Poststernotomy mediastinitis continues to be an infrequent but serious complication after cardiac surgery. We present a case of a 59-year-old man who developed a deep sternal wound infection after an emergency cardiac surgery. Omental transposition flap was used to cover the sternal defect. Several days later, the patient developed a transverse colon herniation into the anterior mediastinum that required emergency exploration and colon resection. The patient survived after a difficult hospital course. Indications, technical points, and possible complications of using omental flap transposition are discussed. A DEEP STERNAL WOUND infection is a relatively rare but serious and life-threatening complication of open heart surgery. Although mediastinitis after a sternotomy is reported to be only 0.4 per cent to 6 per cent in most series, it is associated with a mortality rate of 14 per cent to 47 per cent.1″3 This complication is also associated with high morbidity, prolonged intensive care and hospital stays, and the need for repeated surgical procedures.

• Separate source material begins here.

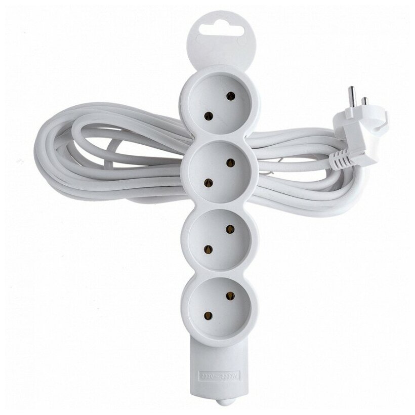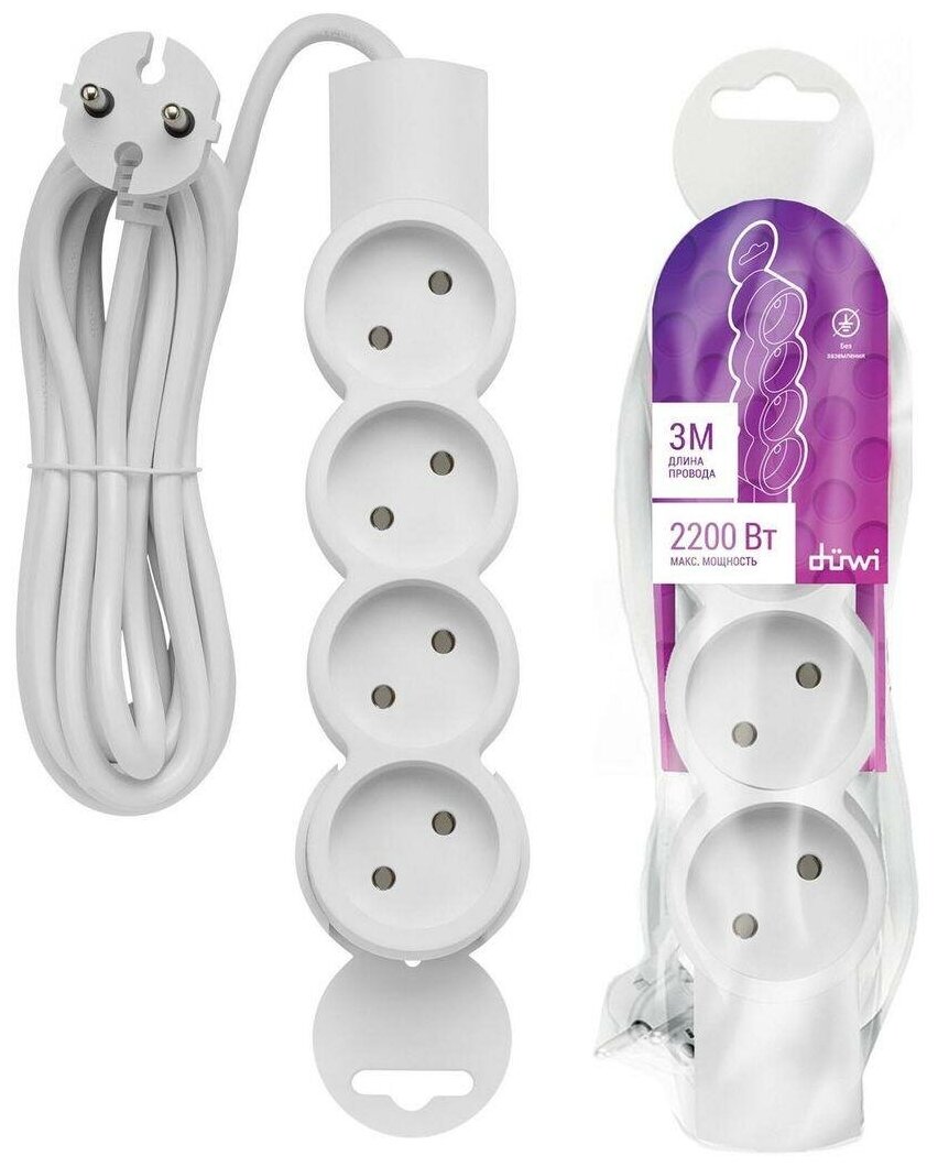 32010 6 Удлинитель бытовой, 4 гнезда, 3м, без заземления, с держателем, 2200Вт, 10А, белый, 32010 6, duwi, цена за 1 шт.

Although more superficial sternal infections can be treated with drainage and sometimes closed irrigation, most of the deeper infections require aggressive debridement, including sternectomy followed by appropriate wound care and subsequent closure of the large defect, most commonly using omenturn or pectoral muscle flaps.1″3 Recent reports have advocated very aggressive early treatment for this complication with excellent short- and long-term results.2,3

Case Report

A 59-year-old man was admitted to the hospital with unstable angina. Attempts at angioplasty and stenting were complicated by coronary artery perforation, mandating an immediate surgical intervention. An on-pump three-vessel bypass was performed. On postoperative Day 7, the patient was diagnosed with a deep sternal infection, and was taken to the operating room where a thorough sternal debridement was carried out. The wound was initially managed by negative pressure wound therapy. When the base of the wound was clean and granulating, the patient was taken to the operating room for closure. The omentum was mobilized from the transverse colon and a large omental flap ,was developed based on the right gastroepiploic artery. The omentum was tunneled into the anterior mediastinum through the sternal reflection of the diaphragm. The skin was closed primarily over closed system suction. Approximately 2.5 weeks after the omentoplasty, the patient developed sudden onset abdominal pain, nausea, vomiting, and increased shortness of breath. An abdominal CT scan was performed that showed herniation of the transverse colon into the anterior mediastinum (Figs. 1 and 2). The patient was taken to the operating room where he was found to have herniation of the transverse colon into the anterior mediastinum through a defect anterior and to the right of the omental stalk (Fig. 3). The colon was deemed not viable and a complete transverse colectomy was performed with a rightsided colostomy and a left- sided mucous fistula. After confirming independent blood supply to the omentum from the wound bed by gently clamping the stalk, the omentum was divided at the level of the hernia. The hernia defect was then closed primarily using interrupted sutures. The patient did well postoperatively and was discharged on the 56th hospital day and has since resumed normal activities.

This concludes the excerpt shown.